为了不让芙宁娜看到这血腥与黑暗的一面,为了不让她那本就脆弱的精神再添一丝裂痕,后续的清理工作必须完美无瑕。
他熟练地从巷子深处一个隐秘的防水箱里,取出一套叠放整齐的、干净的骑士服。
他脱下被血与雨水浸透的外衣,冰冷的雨点砸在他赤裸的上身,激起一片细密的鸡皮疙瘩。天幕的视角在这一刻给了一个清晰的特写。
观众们看到了。
那具看似精壮的身体上,布满了纵横交错的伤疤。有剑伤,有刀痕,有被某种魔物利爪撕裂的痕迹,甚至在腰侧,还有一片因诅咒而留下的、无法褪去的暗紫色烙印。
每一道伤疤,都是一次为芙宁娜挡下的致命袭击。
每一道印记,都是他守护那个谎言所付出的代价。
他面无表情地用备用的药剂简单处理了一下左臂的伤口,动作迅速而高效,仿佛那具身体不是他自己的一样。
随后,他换上那身干净、不带一丝血腥味的骑士服。
他还从怀中取出一个小巧的金属喷瓶,在自己身上,特别是领口和袖口处,轻轻喷洒了几下。
那是芙宁娜最喜欢的花,虹彩蔷薇的香气。
清甜的、带着露水气息的香味,完美地掩盖了刚刚经历过一场死斗后,那若有若无的铁锈味。
做完这一切,他才转身,走向灯火通明的街道。他的步伐恢复了平稳,身姿挺拔,仿佛刚刚只是在雨中散了一会步。
他走进枫丹廷最知名的甜点店“露泽咖啡馆”,在女招待热情洋溢的招呼声中,买下了一份刚刚出炉的“夏洛蒂女士的独家报道”——一款造型精美的千层酥。
当他提着包装精美的甜点盒,回到沫芒宫那富丽堂皇的寝宫时,他脸上的冰冷早已褪去,取而代之的是那芙宁娜所熟悉的,温和而令人安心的微笑。

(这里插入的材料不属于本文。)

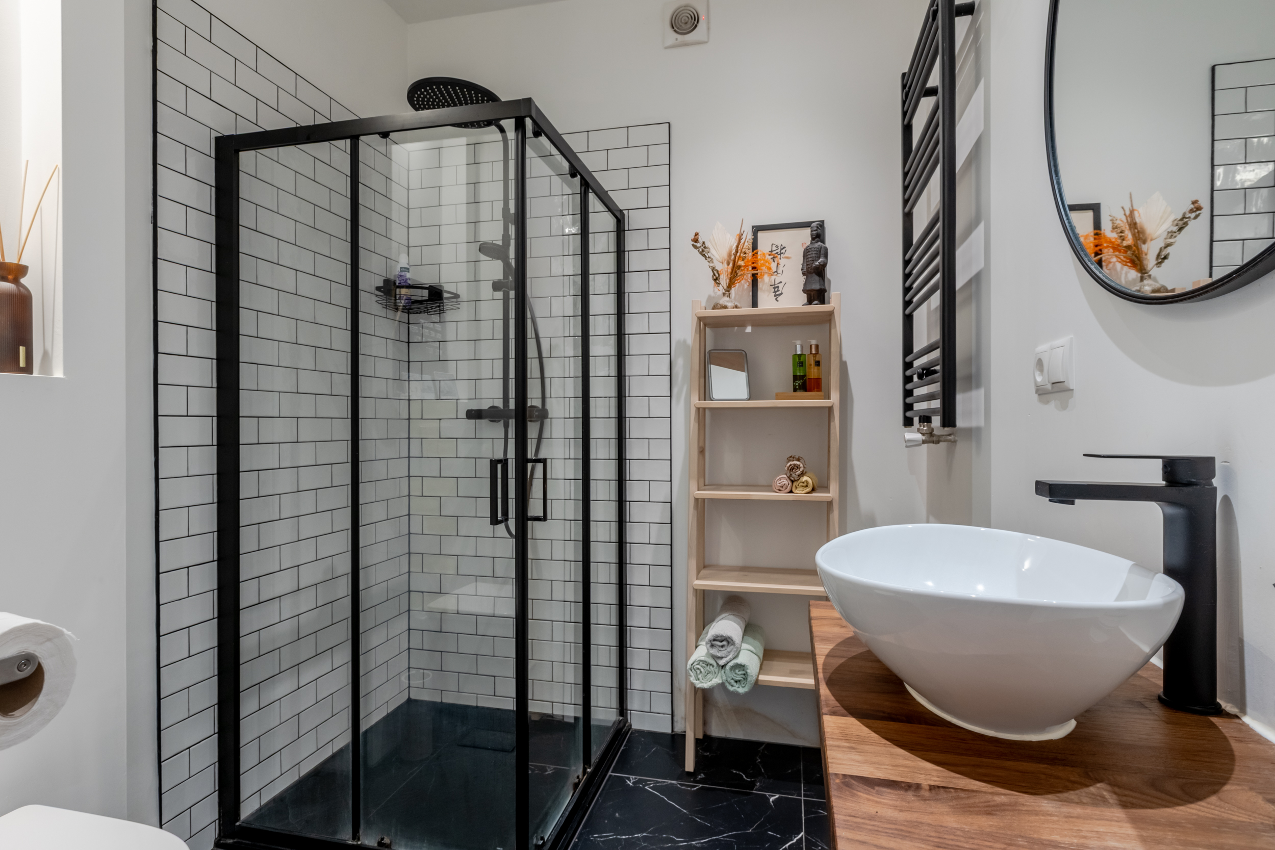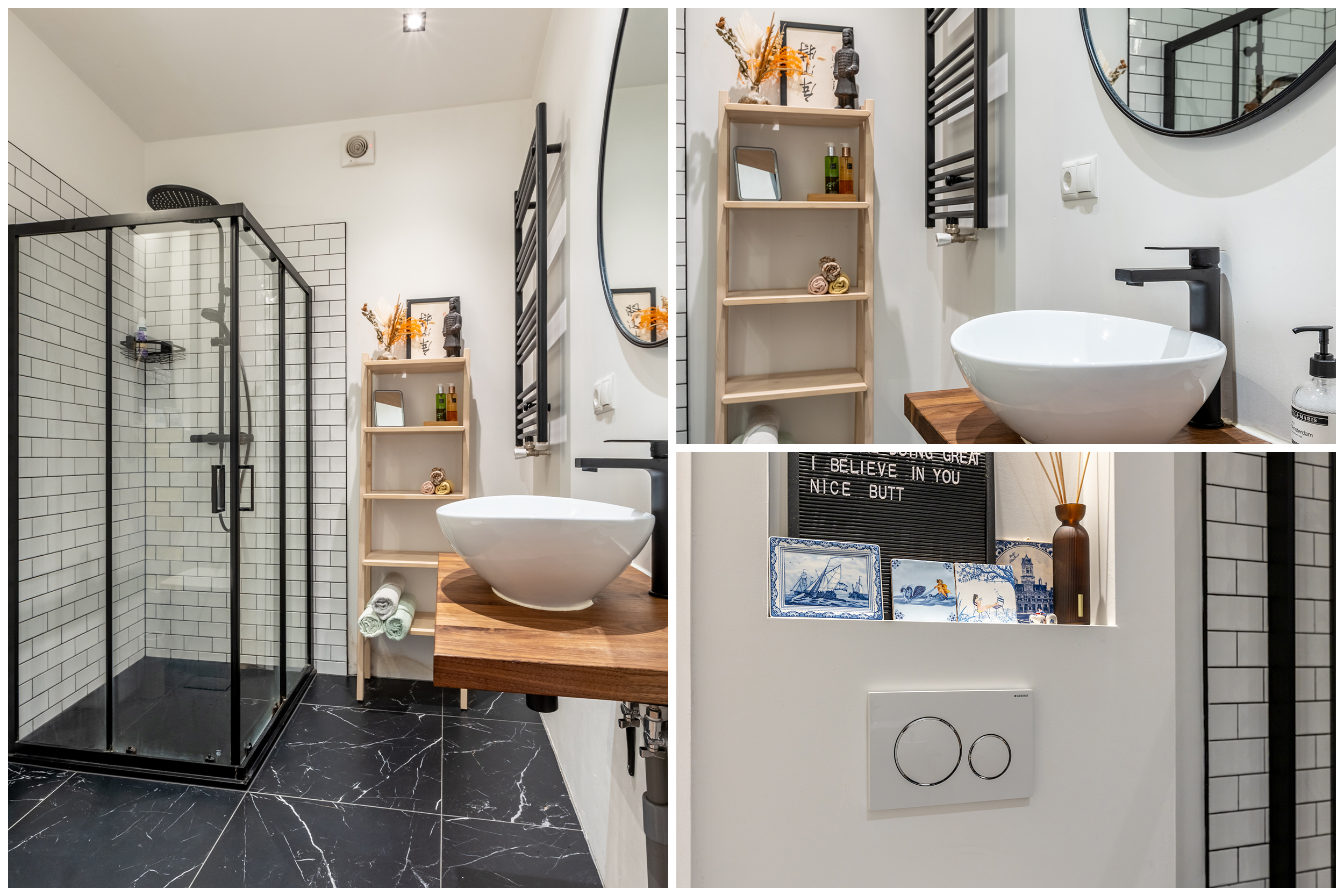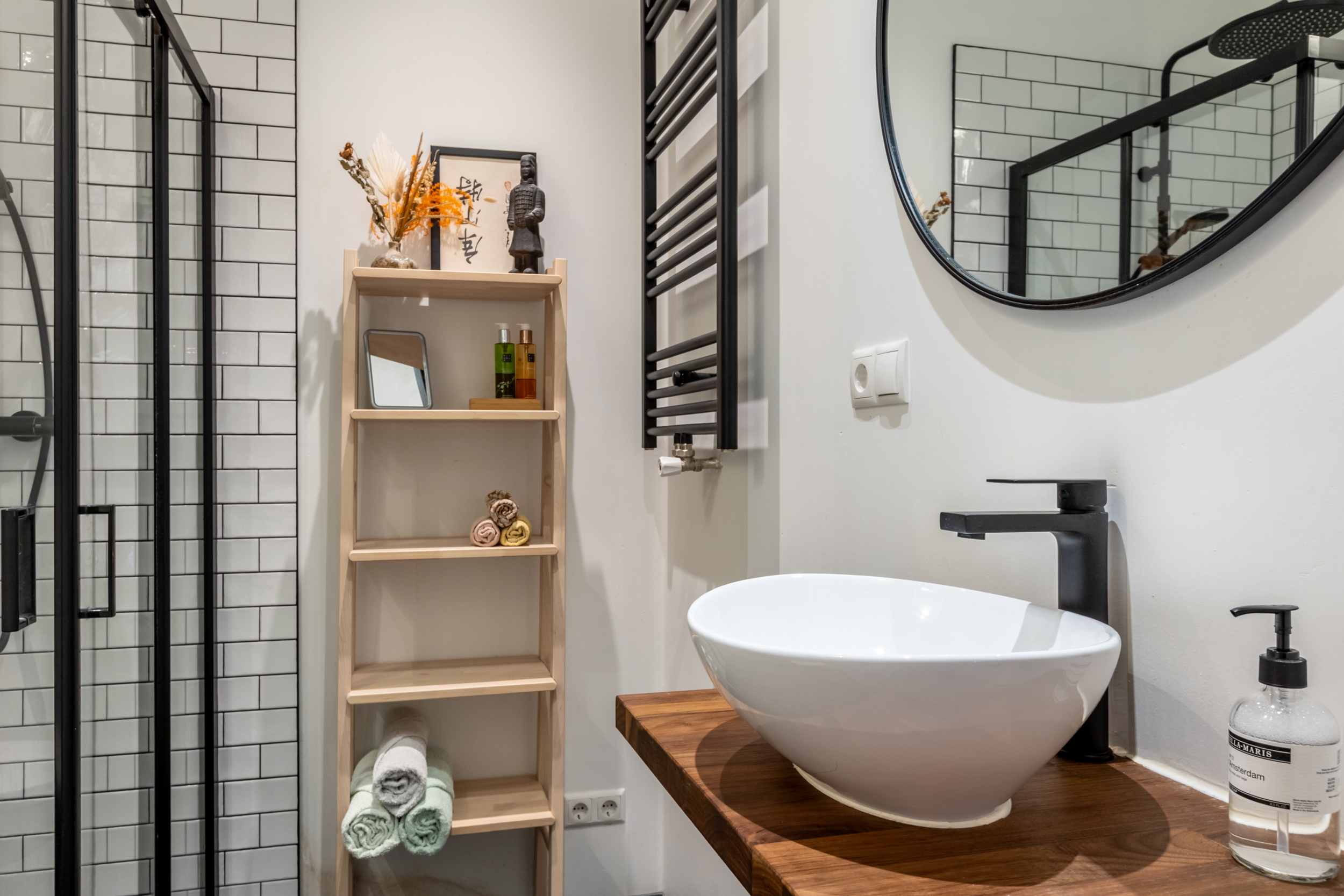 Terug in de woning bereik je via de authentieke en suitedeuren de slaapkamer aan de voorzijde. Een heerlijke plek om je 's avonds in alle rust terug te trekken. De moderne badkamer is eveneens bereikbaar vanuit de woonkamer en is voorzien van een regendouche, toilet en wastafel. Een frisse, comfortabele ruimte om de dag ontspannen te beginnen.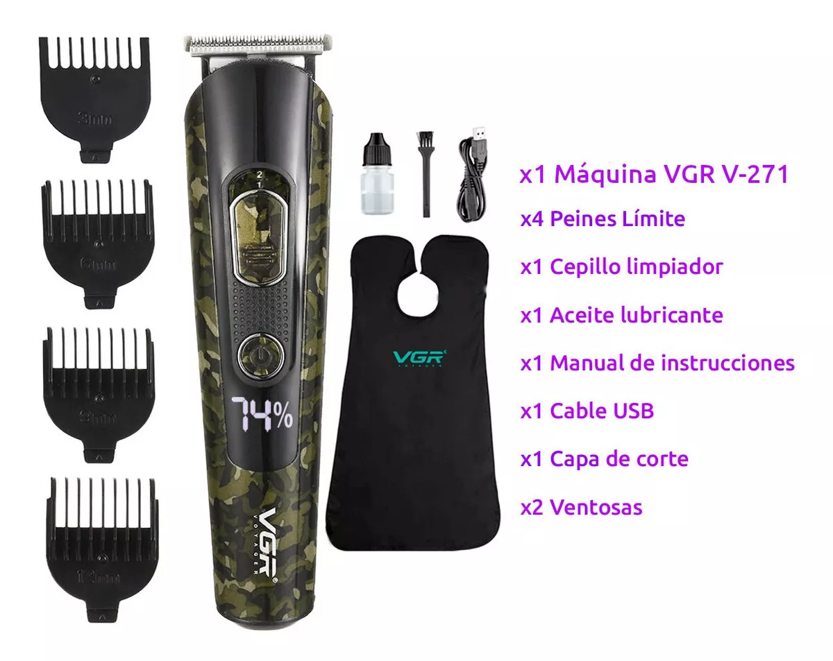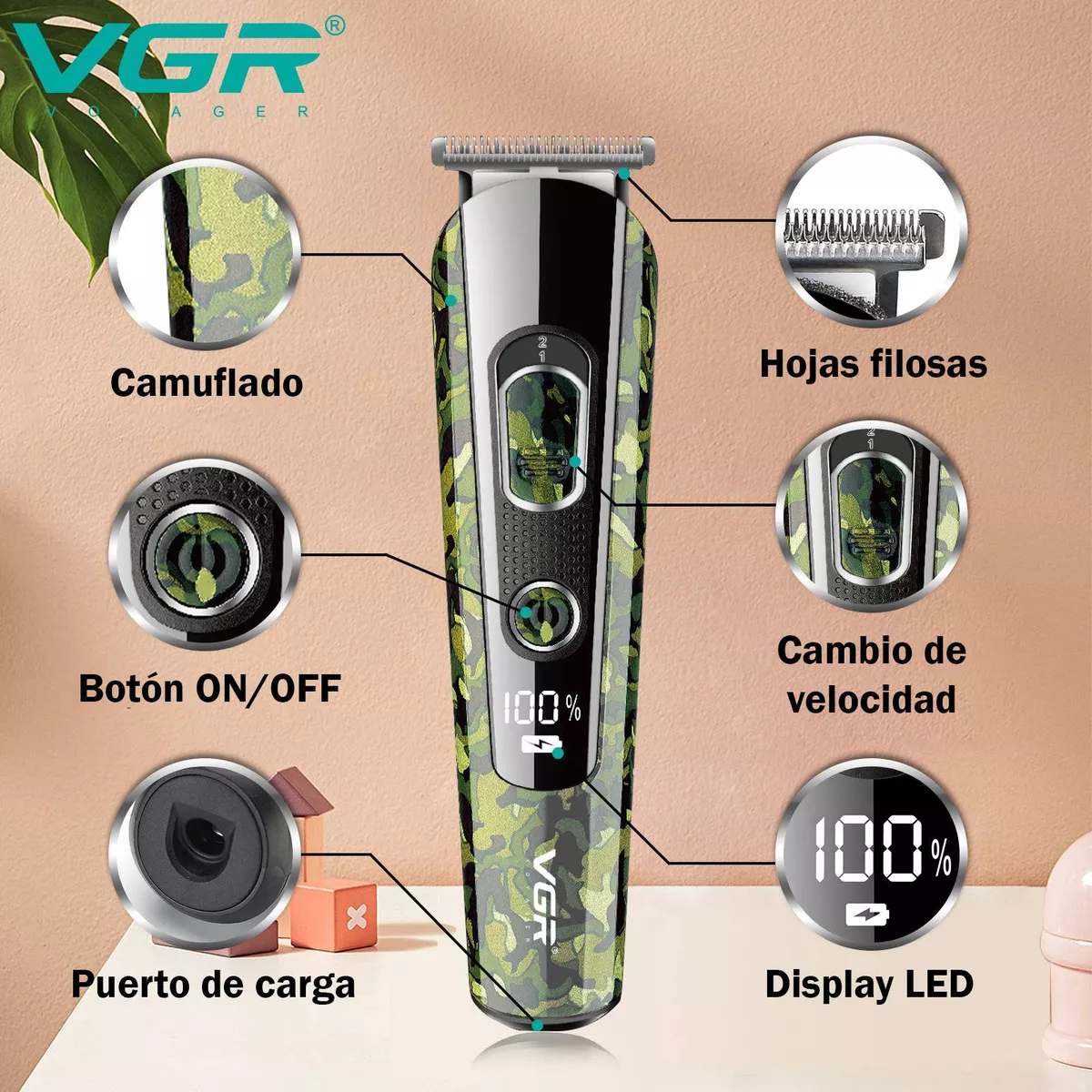 Maquina Cortar Pelo Barba Vgr V-271 Patillera Camuflada + Capa Corte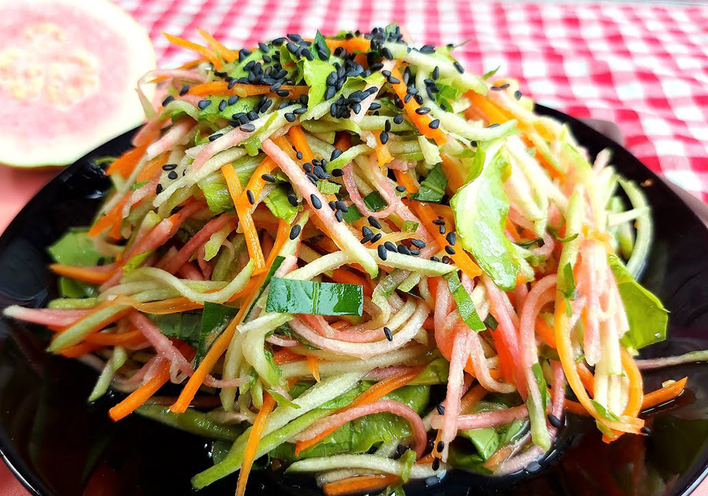 Gỏi ổi chay là món ăn nhẹ đầy sáng tạo, sử dụng ổi tươi giòn cắt lát, trộn cùng muối ớt, đường, nước tắc và rau thơm như bạc hà hoặc húng lủi. Để thêm phần hấp dẫn, người ta có thể bổ sung đậu phộng rang, hành phi hoặc topping chay như nấm chiên giòn. Vị chua ngọt, cay nhẹ, thơm nồng của ổi hòa quyện cùng các thành phần khác tạo nên món gỏi dễ ăn, tốt cho tiêu hóa, làm mới thực đơn ngày hè và giúp bữa ăn thêm phần thú vị.

芙宁娜正穿着睡袍,有些无聊地在房间里踱步,看到他回来,立刻扬起了下巴,用一种略带傲娇的口吻问道:“哼,这么久才回来,是外面有什么有趣的大新闻,比我这个水神还重要吗?”
林霄将甜点盒轻轻放在桌上,微微躬身。
“芙宁娜大人,外面一切安好。”
“您今天的演出非常精彩,这是对您最好的奖赏。”
他的声音平稳,听不出任何异样。
芙宁娜的眼睛瞬间亮了,她快步走到桌前,小心翼翼地打开盒子,看到那块精致的甜点,脸上露出了毫无防备的、纯粹的喜悦。
她那无忧无虑的笑脸,与天幕画面中,林霄身上那一道道触目惊心的伤疤,在所有观众的脑海里重叠。
一边是天真烂漫,一边是血腥守护。
那份感动与难以言喻的心疼,在每个人的心中达到了顶点。
现实中,歌剧院的最高审判席上。
那维莱特,枫丹的最高审判官,看着天幕中不断闪回的画面。
林霄在深夜的码头与走私的愚人众先遣队搏杀。
林霄在化妆舞会的人群中,用身体挡下一根射向芙宁娜的毒针。
林霄独自一人,追猎着试图在水源中投下禁忌炼金药剂的叛党……
一幕幕,一桩桩,全都是他这位最高审判官的档案库中,被标记为“悬案”或“意外解决”的事件。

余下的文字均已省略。